Most users: No. If your filters and column expressions are pure calculations — they depend only on their inputs and don't maintain state between rows — you don't need to do anything. Your queries will simply run faster.

Some users: Yes. If your code relies on stateful behavior, you'll need to update it.

Quick check: Does your code use global variables, depend on row order, or modify external state? If yes, keep reading.

What makes an operation stateless?

An operation is stateless if it:

Doesn't read or modify global variables.
Doesn't depend on which row is processed first.
Produces the same output for the same input, regardless of when or how it runs.

These are all stateless and parallelize safely:

from deephaven import empty_table

# Create a sample table
source = empty_table(100).update(
    [
        "Price = randomDouble(50.0, 150.0)",
        "Quantity = randomInt(1, 100)",
        "FirstName = `User`",
        "LastName = `` + i",
        "Age = randomInt(18, 65)",
        "X = randomDouble(1.0, 100.0)",
    ]
)

# Pure column arithmetic
result1 = source.update("Total = Price * Quantity")

# String manipulation
result2 = source.update("FullName = FirstName + ` ` + LastName")

# Conditional logic
result3 = source.where("Age > 21")

# Built-in functions
result4 = source.update("Squared = sqrt(X)")
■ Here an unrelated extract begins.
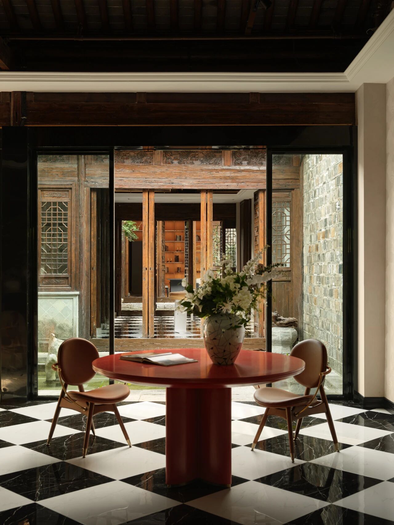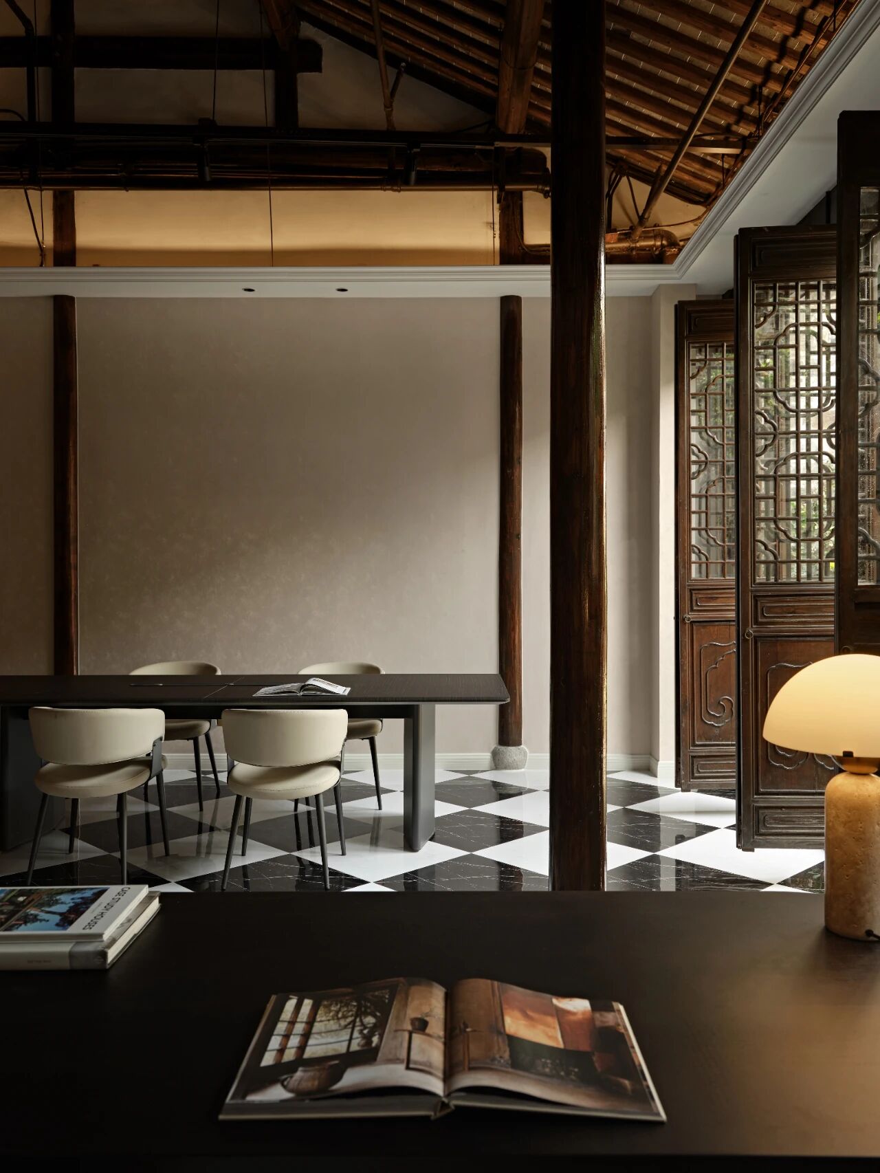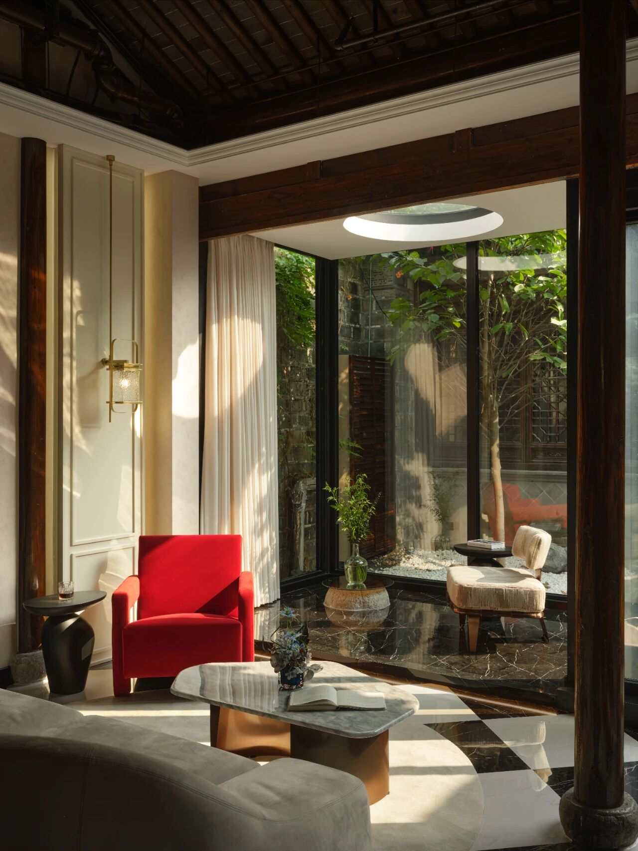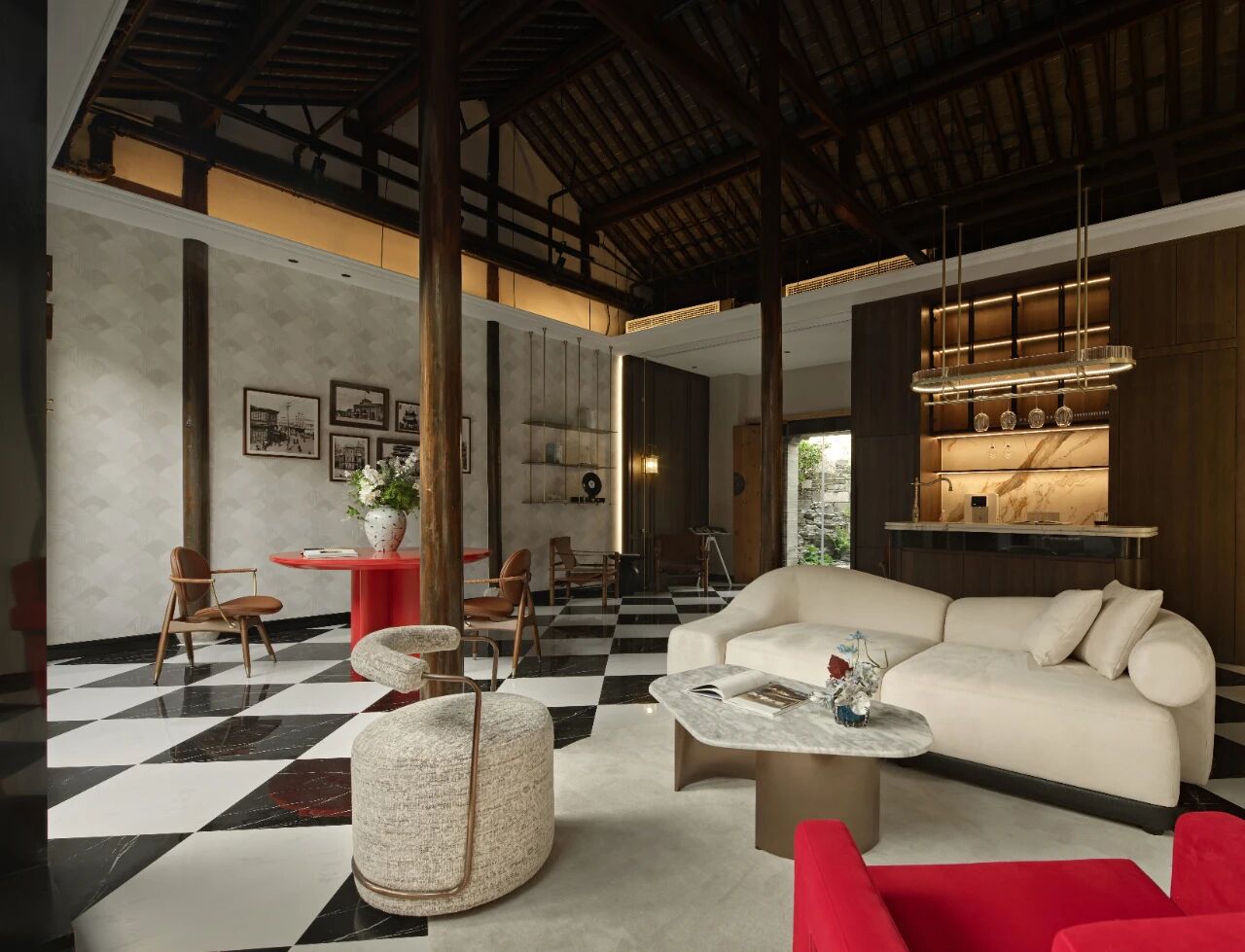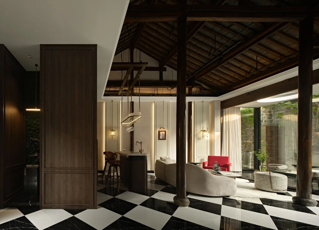 项目定位:本案坐落于南京地标位置老门东,建筑本身是个传统中式民居三进院的形制,因为商业属性,我们商定做成海派复古的内装风格,于是就有了中西合璧的海派复古风,在中式建筑的框架里边做一个西洋调性的空间氛围。我们在做内装设计的时候想尽量保留原建筑的梁柱结构,所以除了设备和氛围灯光,其他都是原建筑结构

Example: A stateful operation that breaks

# BEFORE 41: This worked because operations were sequential by default
counter = 0


def get_and_increment():
    global counter
    counter += 1
    return counter


# In version 41+, this produces incorrect results!
result = table.update("ID = get_and_increment()")

With parallel execution, multiple threads increment counter simultaneously. You'll see gaps in the sequence, duplicate values, or values that don't follow the expected pattern.

How to force sequential execution

If you have legitimately stateful operations, use .with_serial() to force rows to be processed one at a time, in order:

from deephaven.table import Selectable
from deephaven import empty_table

counter = 0


def get_and_increment():
    global counter
    counter += 1
    return counter


# Force serial execution with .with_serial()
col = Selectable.parse("ID = get_and_increment()").with_serial()
result = empty_table(1_000_000).update(col)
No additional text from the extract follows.